He had directed, in great part, the moveable embellishments of the seven chambers, upon occasion of this great fete; and it was his own guiding taste which had given character to the masqueraders. Be sure they were grotesque. There were much glare and glitter and piquancy and phantasm – much of what has been since seen in “Hernani.” There were arabesque figures with unsuited limbs and appointments. There were delirious fancies such as the madman fashions. There were much of the beautiful, much of the wanton, much of the bizarre, something of the terrible, and not a little of that which might have excited disgust. To and fro in the seven chambers there stalked, in fact, a multitude of dreams. And these – the dreams – writhed in and about, taking hue from the rooms, and causing the wild music of the orchestra to seem as the echo of their steps. And, anon, there strikes the ebony clock which stands in the hall of the velvet. And then, for a moment, all is still, and all is silent save the voice of the clock. The dreams are stiff-frozen as they stand. But the echoes of the chime die away – they have endured but an instant – and a light, half-subdued laughter floats after them as they depart. And now again the music swells, and the dreams live, and writhe to and fro more merrily than ever, taking hue from the many tinted windows through which stream the rays from the tripods. But to the chamber which lies most westwardly of the seven, there are now none of the maskers who venture; for the night is waning away; and there flows a ruddier light through the blood-colored panes; and the blackness of the sable drapery appals; and to him whose foot falls upon the sable carpet, there comes from the near clock of ebony a muffled peal more solemnly emphatic than any which reaches their ears who indulge in the more remote gaieties of the other apartments.

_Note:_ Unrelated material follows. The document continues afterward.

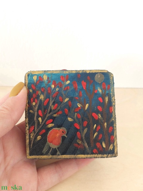 - Anyaga: fa, akrilfesték, lakk, fém akasztó
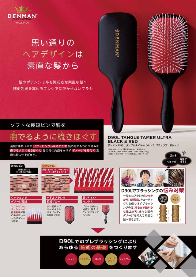 デンマンブラシ D90L タングルテイマー ブラックアンドレッド スタイリングブラシ ブロー ヘアブラシ ディングリングブラシ 業務用 プロ用 美容専売 美容室 理容室 理美容 床屋 バーバー サロン専売 美容専売 DENMAN デンマン ブラック&レッド トリコインダストリーズ

But these other apartments were densely crowded, and in them beat feverishly the heart of life. And the revel went whirlingly on, until at length there commenced the sounding of midnight upon the clock. And then the music ceased, as I have told; and the evolutions of the waltzers were quieted; and there was an uneasy cessation of all things as before. But now there were twelve strokes to be sounded by the bell of the clock; and thus it happened, perhaps that more of thought crept, with more of time, into the meditations of the thoughtful among those who revelled. And thus too, it happened, perhaps, that before the last echoes of the last chime had utterly sunk into silence, there were many individuals in the crowd who had found leisure to become aware of the presence of a masked figure which had arrested the attention of no single individual before. And the rumor of this new presence having spread itself whisperingly around, there arose at length from the whole company a buzz, or murmur, expressive of disapprobation and surprise – then, finally, of terror, of horror, and of disgust.

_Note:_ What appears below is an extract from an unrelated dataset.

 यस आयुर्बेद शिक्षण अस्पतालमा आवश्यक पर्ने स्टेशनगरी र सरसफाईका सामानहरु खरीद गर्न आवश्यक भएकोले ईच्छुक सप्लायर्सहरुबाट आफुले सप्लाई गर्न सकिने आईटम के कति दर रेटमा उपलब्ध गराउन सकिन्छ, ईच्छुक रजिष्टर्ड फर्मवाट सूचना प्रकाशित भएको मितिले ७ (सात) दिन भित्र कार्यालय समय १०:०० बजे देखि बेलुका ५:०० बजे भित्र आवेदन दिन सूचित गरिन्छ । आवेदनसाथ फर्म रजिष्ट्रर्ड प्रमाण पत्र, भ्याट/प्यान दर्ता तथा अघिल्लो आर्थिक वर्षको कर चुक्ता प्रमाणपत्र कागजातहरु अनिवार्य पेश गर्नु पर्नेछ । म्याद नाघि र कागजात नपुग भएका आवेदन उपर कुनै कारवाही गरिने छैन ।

In an assembly of phantasms such as I have painted, it may well be supposed that no ordinary appearance could have excited such sensation. In truth the masquerade license of the night was nearly unlimited; but the figure in question had out-Heroded Herod, and gone beyond the bounds of even the prince’s indefinite decorum. There are chords in the hearts of the most reckless which cannot be touched without emotion. Even with the utterly lost, to whom life and death are equally jests, there are matters of which no jest can be made. The whole company, indeed, seemed now deeply to feel that in the costume and bearing of the stranger neither wit nor propriety existed. The figure was tall and gaunt, and shrouded from head to foot in the habiliments of the grave. The mask which concealed the visage was made so nearly to resemble the countenance of a stiffened corpse that the closest scrutiny must have had difficulty in detecting the cheat. And yet all this might have been endured, if not approved, by the mad revellers around. But the mummer had gone so far as to assume the type of the Red Death. His vesture was dabbled in blood – and his broad brow, with all the features of the face, was besprinkled with the scarlet horror.

When the eyes of Prince Prospero fell upon this spectral image (which with a slow and solemn movement, as if more fully to sustain its role, stalked to and fro among the waltzers) he was seen to be convulsed, in the first moment with a strong shudder either of terror or distaste; but, in the next, his brow reddened with rage.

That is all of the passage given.